The black room started in 2005, upon a suggestion by the “reputable media figure” to gather once per month for meditation, thinking and brainstorming. In those meetings, they used to discuss weaknesses and strengths of passing the presidency to Gamal and plan how to kill facts and rumors, which might negatively affect Gamal’s opportunities.
Immediately before the beginning of 2007, the tasks of the group had changed completely in terms of their nature, scope and target. Subsequently, the black room had to meet once per week and sometimes on a daily basis, even if Gamal himself was not available. The most serious change here is the change of the nature of the assigned tasks of the group. One of those tasks, for instance, was identifying the articles of the Constitution to be amended and properly tailored to fit into their plans.

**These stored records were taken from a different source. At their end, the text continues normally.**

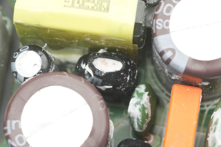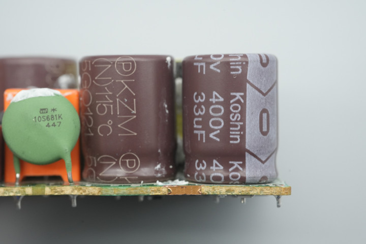 另一侧还设有两颗高压滤波电容,规格同样为400V33μF。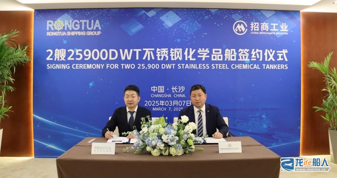 3月7日,招商局金陵鼎衡船舶(揚州)有限公司與蓉達航運集團正式簽署2艘2.59萬噸級不銹鋼化學品船造船合同。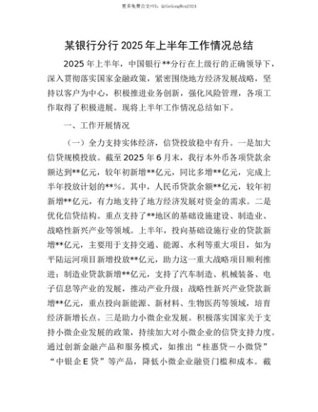 【七哥公文】2025年:【七哥公文】某银行分行2025年上半年工作情况总结+更多免费公文+VX:QiGeGongWen2024+更多免费公文+VX:QiGeGongWen2024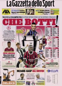 Prima pagina Gazzetta dello Sport: “Nuova Champions, che botti!”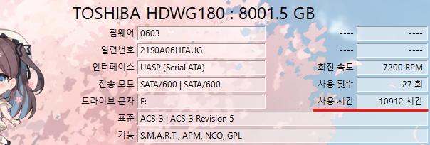 디스크 정보를 보니 사용시간이 무려 10912시간이었다..!!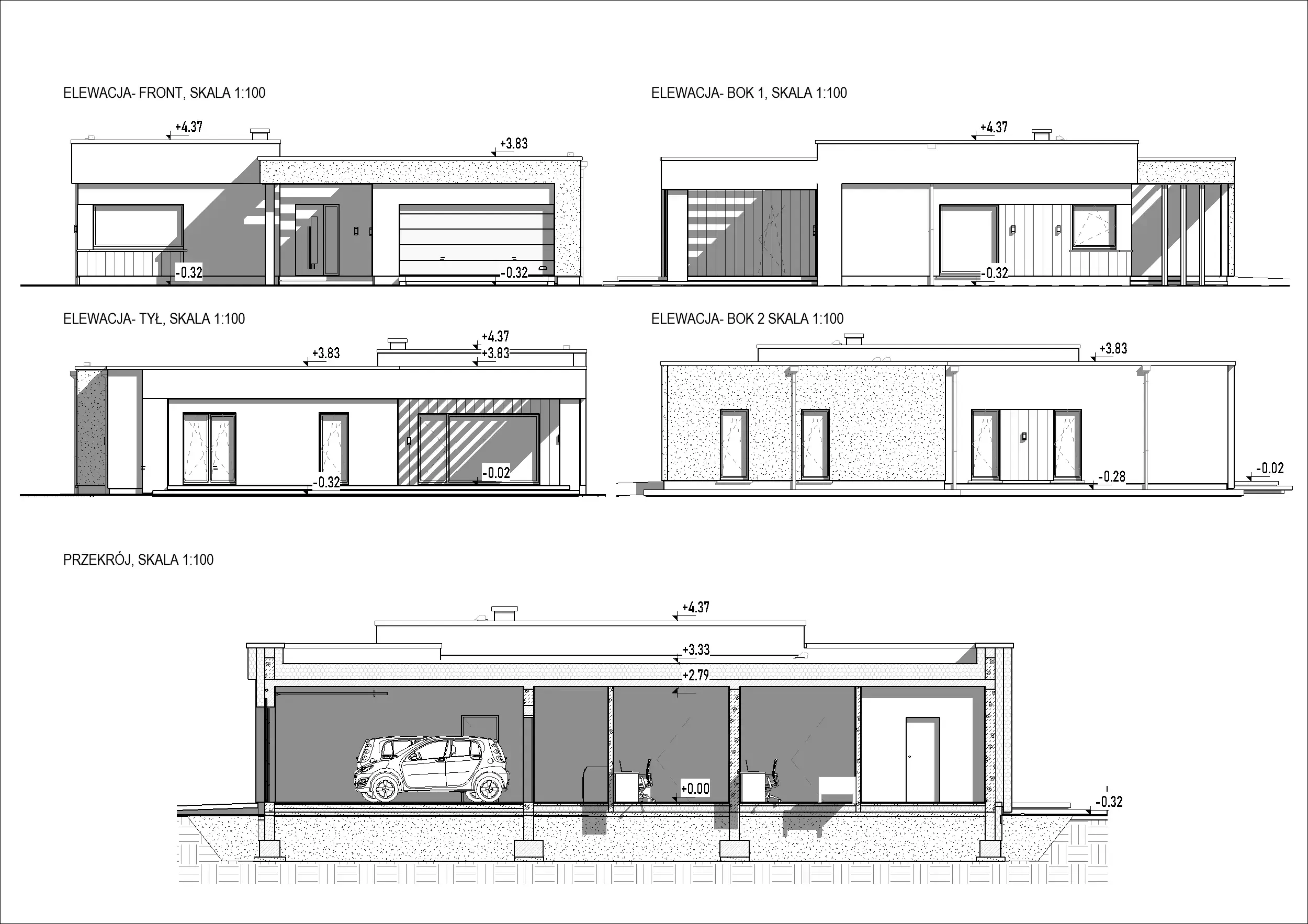 ELEWACJA: tynk biały, tynk czarny, deska elewacyjna, cegła, beton arch.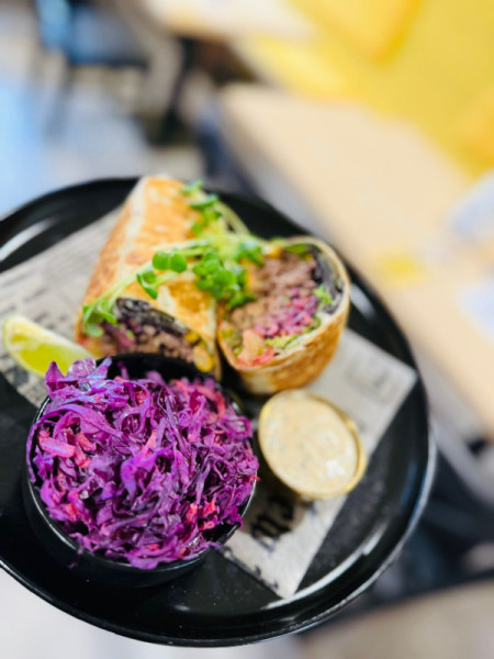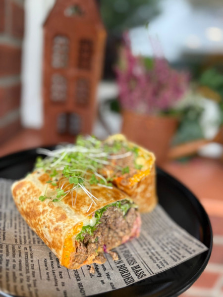 100g Mleté hovězí farma Škodovi z grilu v maxi pšeničné tortille.
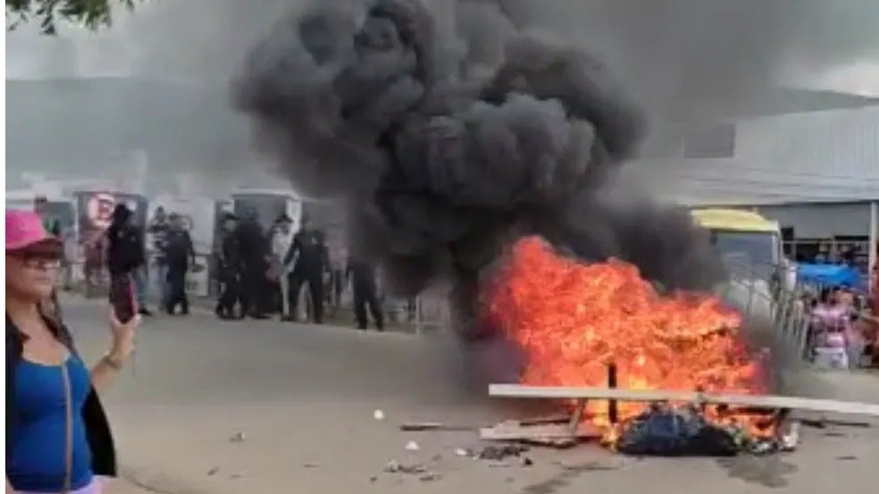 “Alguns ambulantes insistem em descumprir o horário e tentam iniciar a comercialização antes do horário autorizado, o que não é permitido. Na manhã desta quinta-feira (23), um número reduzido de pessoas iniciaram uma queima de pneus tentando fechar a BR -104, prejudicando não apenas a todos que se encontram no entorno do Parque das Feiras como também a todos os veículos que fazem a travessia de nossa cidade”, disse a prefeitura em nota.

By the end of 2006, President Mubarak submitted a request to Parliament to approve the suggested amendments on 34 articles of the constitution.
The black room was primarily concerned with amending article 76 in a way that limits the selection of the candidate from the National Democratic Party to the members of the General Secretariat who have served for at least one year. The main purpose of this amendment was avoiding expected pressures by newly added members in case of the absence of the president.

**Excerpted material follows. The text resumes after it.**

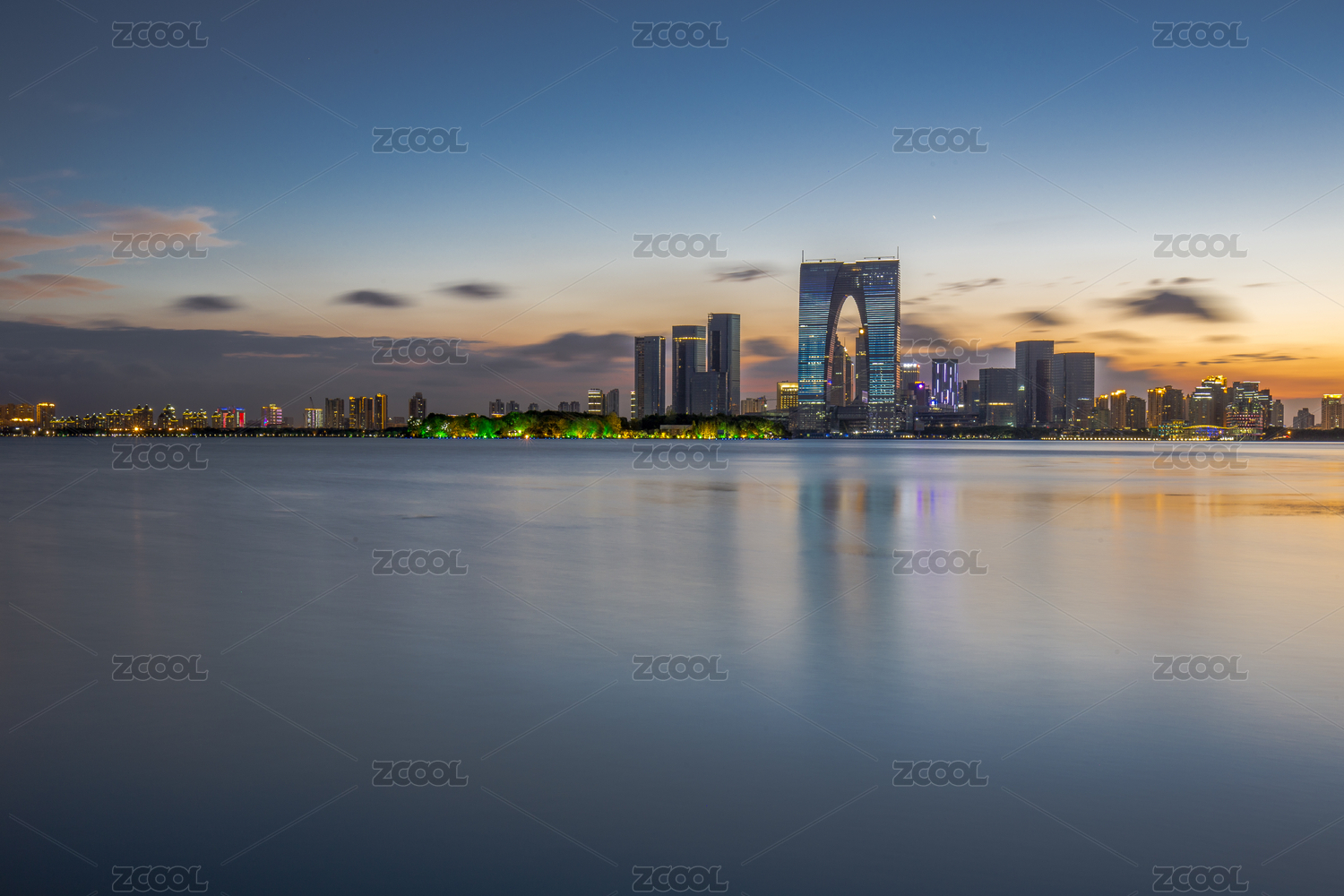中国江苏省苏州市金鸡湖边的现代城市建筑天际线

Another constitutional article perfectly amended by the black room was article 84, which regulates the rules of the transitional period after the unexpected vacancy of the presidency. The amended article 84 prohibits the temporary president from passing amendments to the constitution during the transitional period. Certainly, this is meant to enhance the restrictions imposed by the amended article 76. The amendments of those two particular articles are meant to ensure making Gamal Mubarak the one and only candidate of the National Democratic Party and limit the opportunities of his rivals from outside NDP.
On another level, the black room is working on drying the resources threatening Gamal Mubarak’s opportunities to succeed his father as the president of Egypt. They simply weaken the names of expected rivals, whether they are members of the current regime, opposition leaders, or public figures. Their tool in this regard is a “black” newspaper supported by the black room and working according to its “black” agenda. In addition, they sometimes burden those rivals by complicated duties that might lead to distorting their image in the public and losing their popularity. Fortunately, the black room failed in achieving those ill-conceived goals; their black plans lead to the opposite results.
Nevertheless, the biggest failure of the black room is the fact that Gamal Mubarak is already losing his popularity day after day. He was absolutely rejected by different social segments and state circles, which clarified this in obvious messages during the past few months. That pushed the black room – recently – to change their priority to a naïve campaign to polish Gamal Mubarak’s image, before the coming NDP conference in November.
After losing a great deal of what they gained over the past few years, the black room realized that the only way for succession is pressuring President Mubarak to step down and leave the presidential seat for his son. They are not ready to take the risk of waiting till the death of the President and then trying other options, which everyone is quite confident are not going to work.
The latest and probably strangest decision of the black room is instructing the close friends of Gamal Mubarak not to deal with him in an informal way. They are, simply, cutting the few last worn-out strings between Gamal and the people.